Bristol Myers Squibb, Princeton, NJ, United States.
Future Oncol. 2023 Jan;19(3):229-244. doi: 10.2217/fon-2022-0801. Epub 2023 Mar 28.
The benefit of pathologic complete response (pCR) in early breast cancer (eBC) is not well described in the real-world setting. This study used the nationwide Flatiron Health electronic health record-derived deidentified database to describe treatment patterns and survival outcomes by pCR status after neoadjuvant therapy (NAT) in women with triple-negative or HR/HER2 eBC. Observational cohort study analyzing women with eBC who started NAT between 2011 and 2018. 496 women were included in the study; of those, 16.1% achieved pCR, of which 35.7% were triple-negative and 6.1% were HR/HER2 eBC. More women with triple-negative eBC (95.2%) were exclusively treated with chemotherapy-based NAT versus HR/HER2 eBC (56.1%). In multivariate analyses from NAT start, not achieving pCR was associated with increased risk of death and progression. pCR status may be a reliable prognostic indicator for survival in these eBC subtypes in the real-world setting.

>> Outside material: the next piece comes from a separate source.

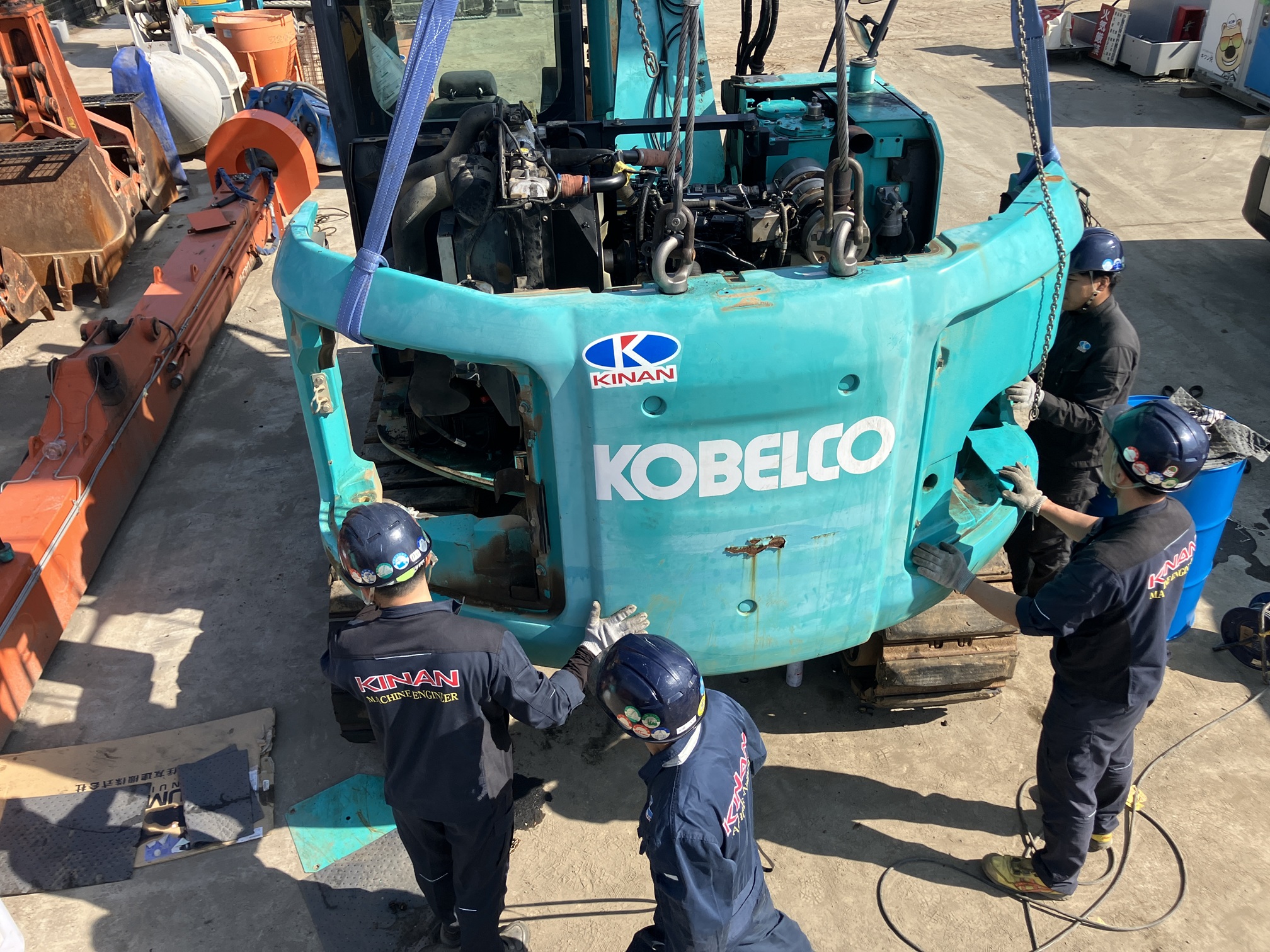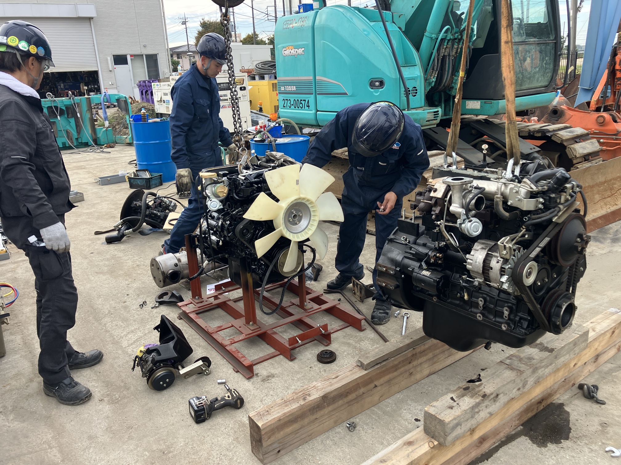講習も兼ねて、0.45㎥バックフォーのエンジン載せ替えにチャレンジしました!!

在真实世界环境中,早期乳腺癌(eBC)患者病理完全缓解(pCR)的获益情况尚未得到充分描述。本研究利用全国范围内的 Flatiron Health 电子健康记录衍生的去识别数据库,描述了三阴性或 HR/HER2 eBC 女性接受新辅助治疗(NAT)后 pCR 状态的治疗模式和生存结局。这是一项观察性队列研究,纳入了自 2011 年至 2018 年期间开始接受 NAT 的 eBC 女性。共纳入 496 名女性;其中,16.1%达到了 pCR,其中 35.7%为三阴性,6.1%为 HR/HER2 eBC。与 HR/HER2 eBC(56.1%)相比,更多的三阴性 eBC 女性(95.2%)仅接受基于化疗的 NAT 治疗。从 NAT 开始的多变量分析显示,未达到 pCR 与死亡和进展风险增加相关。在真实世界环境中,pCR 状态可能是这些 eBC 亚型生存的可靠预后指标。